WHAT THE TASK ASKS: All the lines below need retyping exactly, apart from the images.

SUPPLIED INFORMATION:
▬▬▬
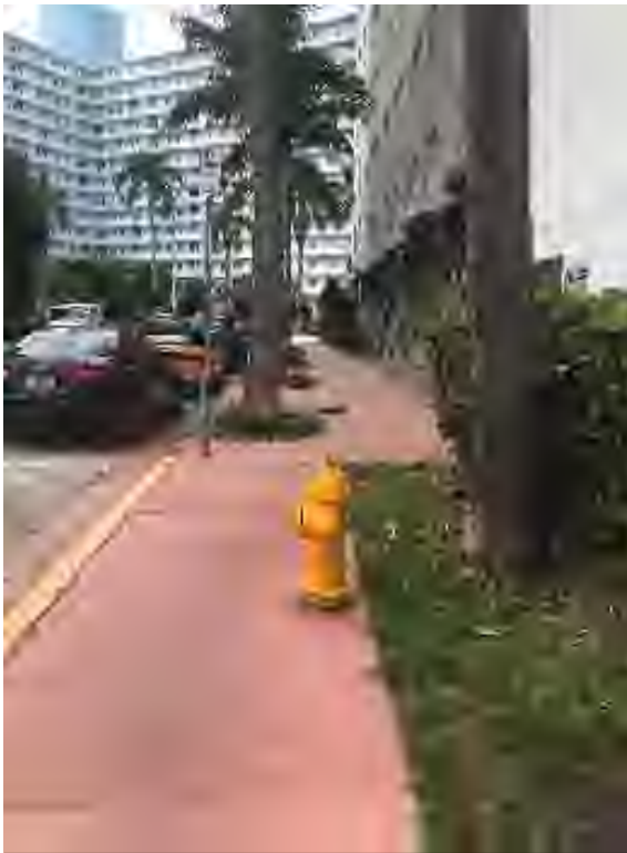
7.9TH STREET. PHOTOGRAPHS TAKEN ON OCTOBER 1ST, 2019
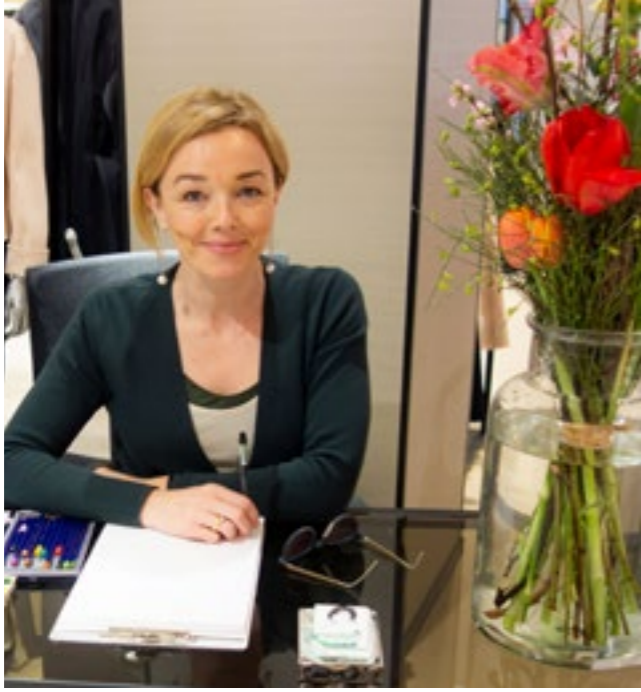
For HUGO BOSS at Breuninger, Dusseldorf
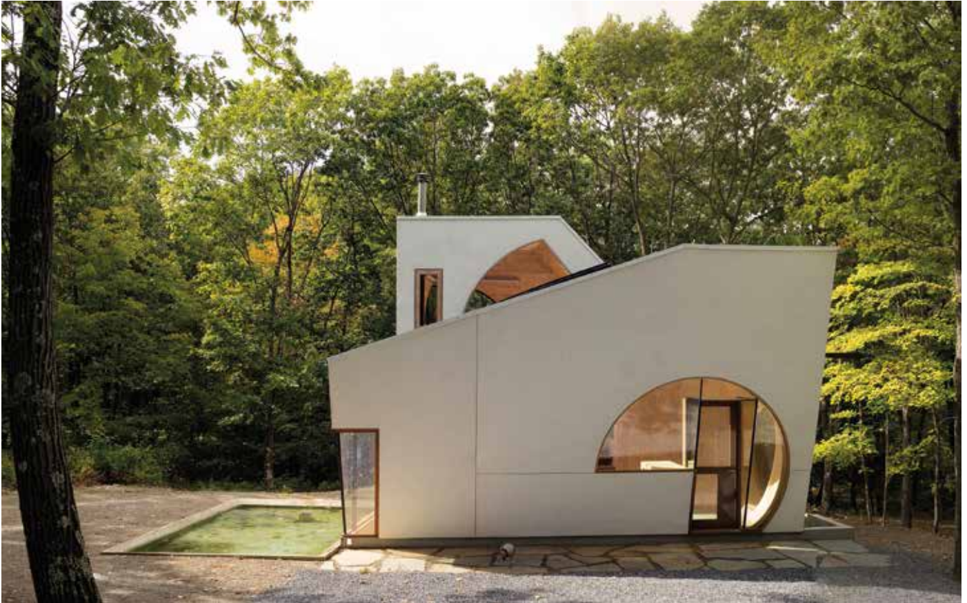
Figure 1. The Ex of IN House completed by Steven Holl in 2016. The 918 sq. ft. property [85 m 2 ] sits on 28 acres [11,3 ha] of forested land in Rhinebeck, NY.

again...” 4 This statement alone is an important enough revelation to build an entire conversation around and a topic which has not yet been explored in other publications to my knowledge. How does an architect like Holl return to a project after the first promising idea has proved unfruitful? When is it clear to him that an idea has not got what it takes? When does he know when he needs to initiate a new beginning, rather than simply invest more work in what had previously shown promise and potential? Such a conversation might have shed new light on the further complexities of his design process; possibly also dispelling a myth that his morning sessions concern themselves solely with lighting the blue touch paper, rather than accommodating the later stages of a design’s gestation as well.
▬▬▬
EXERCISE ANSWER:
7.9TH STREET. PHOTOGRAPHS TAKEN ON OCTOBER 1ST, 2019
For HUGO BOSS at Breuninger, Dusseldorf
Figure 1. The Ex of IN House completed by Steven Holl in 2016. The 918 sq. ft. property [85 m 2 ] sits on 28 acres [11,3 ha] of forested land in Rhinebeck, NY.

again...” 4 This statement alone is an important enough revelation to build an entire conversation around and a topic which has not yet been explored in other publications to my knowledge. How does an architect like Holl return to a project after the first promising idea has proved unfruitful? When is it clear to him that an idea has not got what it takes? When does he know when he needs to initiate a new beginning, rather than simply invest more work in what had previously shown promise and potential? Such a conversation might have shed new light on the further complexities of his design process; possibly also dispelling a myth that his morning sessions concern themselves solely with lighting the blue touch paper, rather than accommodating the later stages of a design’s gestation as well.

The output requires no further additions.